Reprogrammable self-assembling DNA computer developed.

It is known that computing with DNA relies on information being encoded very concisely into the base pair sequence on strands. That alone has made DNA a focus of attention for very high density molecular memories, however, the molecule can also be used to conduct computation.  Now, a study from researchers led by Caltech designs DNA molecules which can carry out reprogrammable computations, for the first time creating so-called algorithmic self-assembly in which the same hardware can be configured to run different software.  The team state the system can execute different algorithms ranging from copying and sorting processes, generating random walks and executing cellular automata.  The study is published in the journal Nature.

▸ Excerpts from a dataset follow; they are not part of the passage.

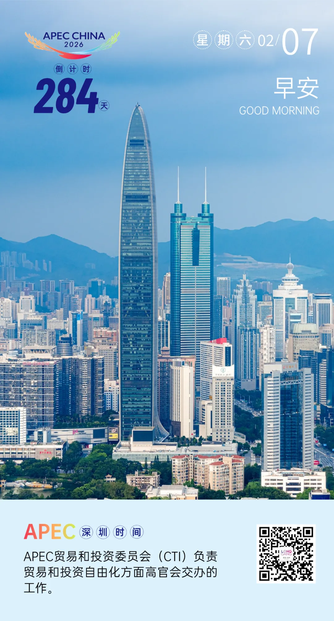 2026年亚太经合组织(APEC)领导人非正式会议,将于11月18日至19日在深圳举行,各方亚太伙伴将相约深圳,谱写更加精彩的亚太合作新篇章。龙岗融媒特别推出《APEC深圳时间》专栏,通过一张张精美倒计时海报,与你一同见证APEC盛会的到来!
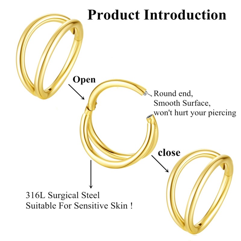 - Features two tires that connect at the top to form a single (double) hoop ring. Double action in just one piercing. Very easy to put on and super comfortable. Ring gauge options: 16 gauge (1.2mm), 18 gauge (1.0mm). Inner diameter: 6mm, 7mm, 8mm, 9mm, 10mm, 12mm. Color Options: Silver, Gold, Black, Rose Gold
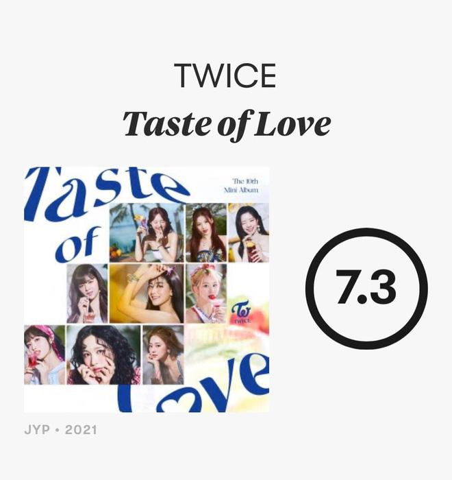 Âm nhạc của TWICE cũng nhận được điểm số khả quan từ các trang phê bình âm nhạc quốc tế như Pitchfork, Sputnik, Beats Per Minute... Điển hình như album Taste of Love được Pitchfork chấm 7,3 - đồng hạng với album 4 Walls của f(x) và Crush của 2NE1, trở thành album K-Pop có số điểm cao thứ nhì trên trang đánh giá này, chỉ sau album Seo Taiji and Boys của Seo Taiji and Boys (8,3).
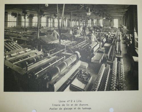 Planche imprimée en noir et blanc présentant la salle de glaçage et de lustrage de la filature de lin et de chanvre de l’usine FFF n°2 à Lille (anciens Etablissements H. et L. Rogez) en 1920. 16 ouvriers (dont 2 hommes) posent derrière leurs métiers. Une mention sur trois lignes identifie le lieu et sa fonction.
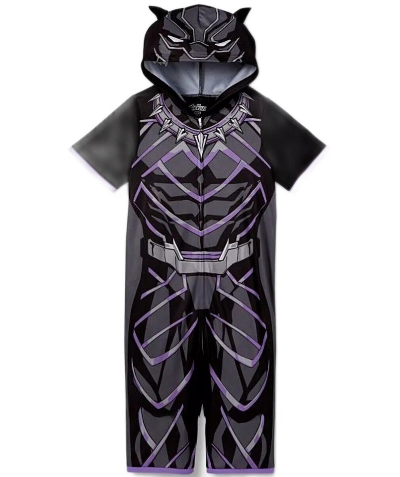 Black Panther Boy's Lightweight Polyester Costume Hooded Pajama Short One-Piece
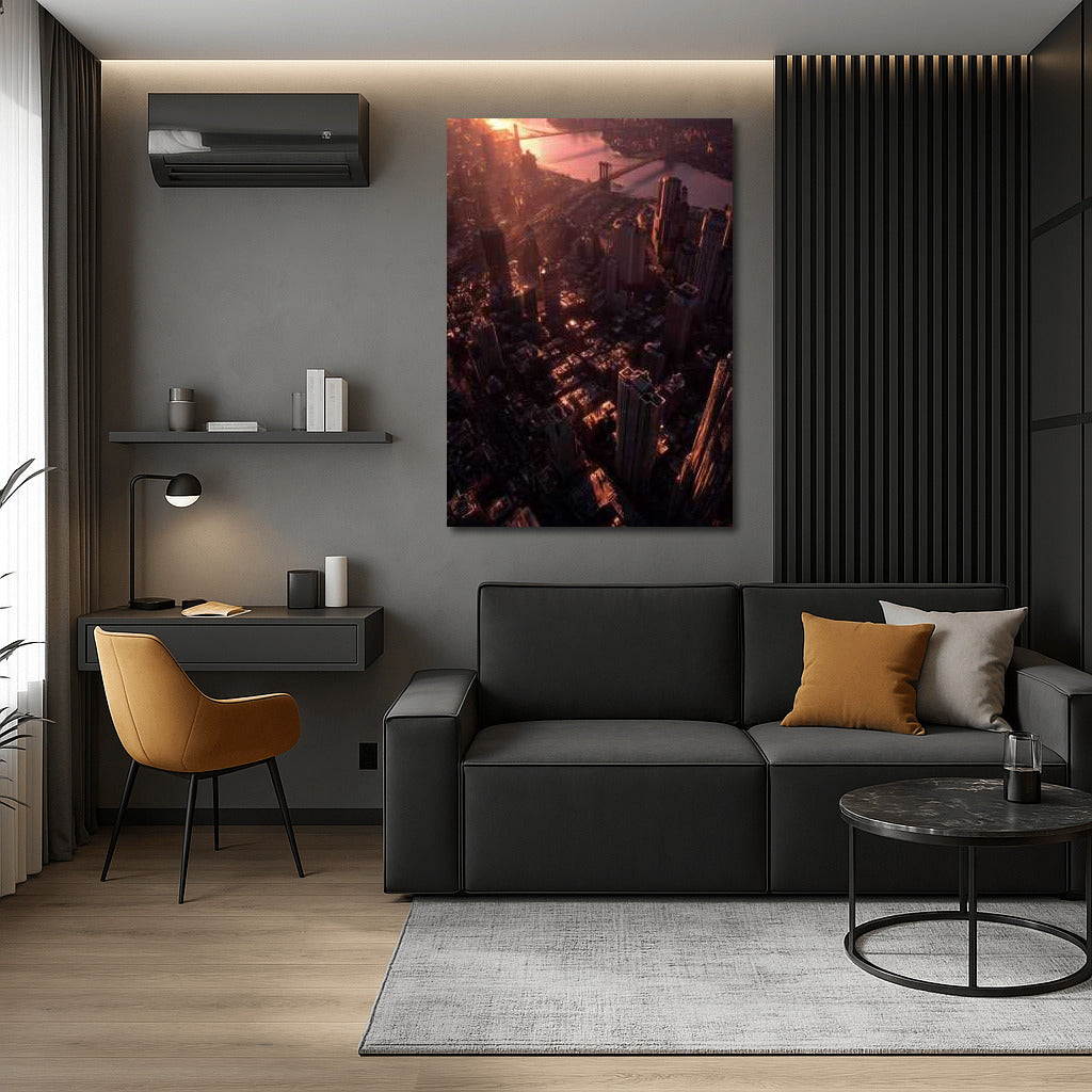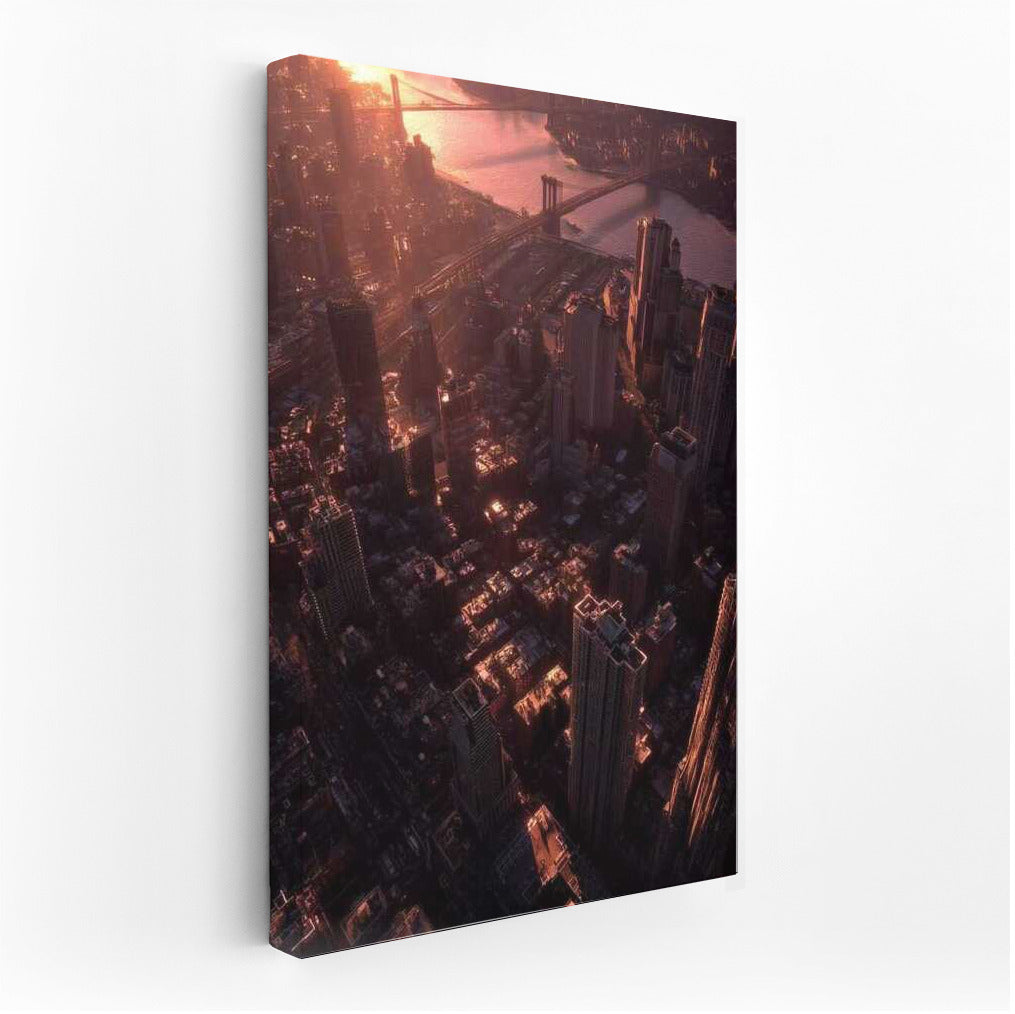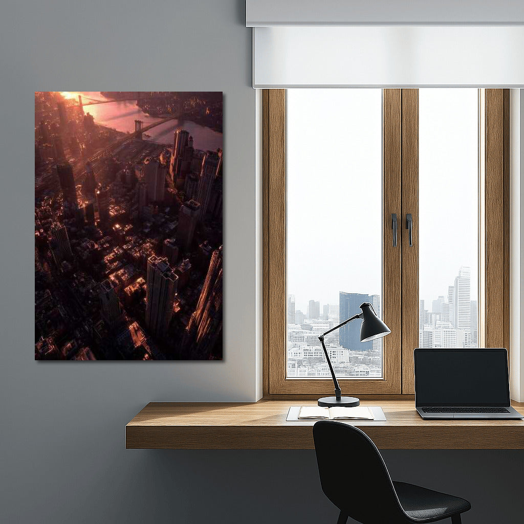 The sunset over New York comes to life in this poster, capturing the atmosphere of the city and the grandeur of its skyscrapers. Wall art. See more from the collection: Country Art

Previous studies have used long single-stranded DNA folded into complex 3D structures through base pairing, known as DNA origami.  This is where numerous DNA strands act like staples to fold a long single DNA strand called a scaffold. By programming the sequence of the staples to bind at specific locations, a scaffold can be folded into virtually any shape.  These in turn can be compressed down into multiple surface areas or processors, to build a rectangular tile, known as a DNA tile, consisting of hundreds of short strands carrying a single-stranded DNA probe, each of which contains a unique sequence.  However, these molecules were specially designed to execute only a single computation.  The current study uses DNA self-assembly to embody an algorithmic process, deploying DNA tiles which link via selective base pairing into arrays enacting a series of complex computations.

The current study develops a DNA computing system which works by self-assembly; small, specially designed DNA strands stick together to build a DNA tile logic circuit while simultaneously executing the circuit algorithm. Results show starting with the master DNA tiles which represent the six bit input, the system adds row after row of molecules, progressively running the algorithm. Data findings show that the completion of the program is something like a knitted scarf of DNA, made of tiles stuck together in a pattern set by the original program; the outcomes are read with an atomic force microscope, which detects a marker molecule attached to the DNA.

The group explain they can program a master set of 355 DNA tiles to compute an arbitrary six-bit circuit, and that there are 17 trillion such circuits possible.  They go on to add their circuits tested inputs to assess if they were multiples of three, performed equality checks, and counted to 63; other circuits drew pictures, as well as exhibiting probability outcomes by obtaining a fair 50/50 random choice from a biased coin.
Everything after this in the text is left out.